Member of the New Mexico Senate from the 20th district
- Incumbent
- Assumed office January 19, 2021
- Preceded by: William Payne

Personal details
- Born: Rockford, Illinois, U.S.
- Party: Democratic
- Spouse: Mary Cunnane ​(m. 1982)​
- Children: 2
- Education: Johns Hopkins University (BA) Rush Medical College (MD) University of Wisconsin (MS)

= Martin Hickey =

American politician

Martin Hickey is an American politician, businessman, and retired physician serving as a member of the New Mexico Senate from the 20th district. Elected in 2020, he assumed office on January 19, 2021.

== Early life and education ==
Hickey was born in Rockford, Illinois. He earned a Bachelor of Arts degree in social and behavioral health from Johns Hopkins University, a Doctor of Medicine from Rush Medical College, and a Master of Science in preventive and administrative medicine from the University of Wisconsin School of Medicine and Public Health.
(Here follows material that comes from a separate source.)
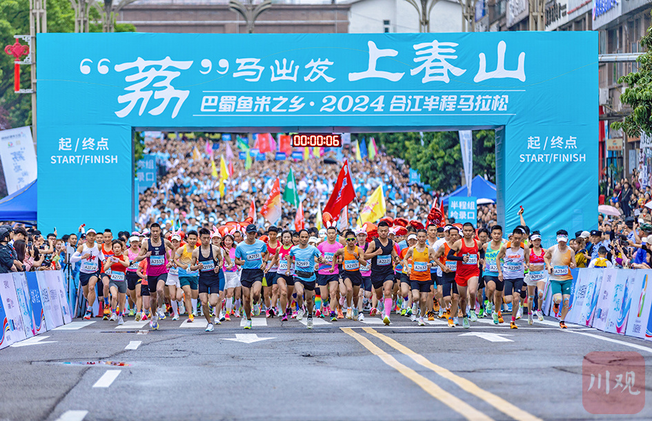 巴蜀鱼米之乡·2024合江半程马拉松与迷你马拉松、欢乐跑依次鸣枪开跑。

He completed his residency at the University of Rochester Medical Center.

== Career ==
Prior to entering politics, Hickey worked as a physician. He is the chairman of the board and CEO of True Health New Mexico, an insurance company. Hickey has also worked as a professor of medicine at the University of New Mexico Hospital. In the Democratic primary for the 20th district in the New Mexico Senate, Hickey placed first in a field of four candidates. He defeated Republican nominee John C. Morton in the November general election. Hickey assumed office on January 19, 2021.

== Personal life ==
Hickey and his wife, Mary Cunnane, have two grown sons. Cunnane is an OBGYN.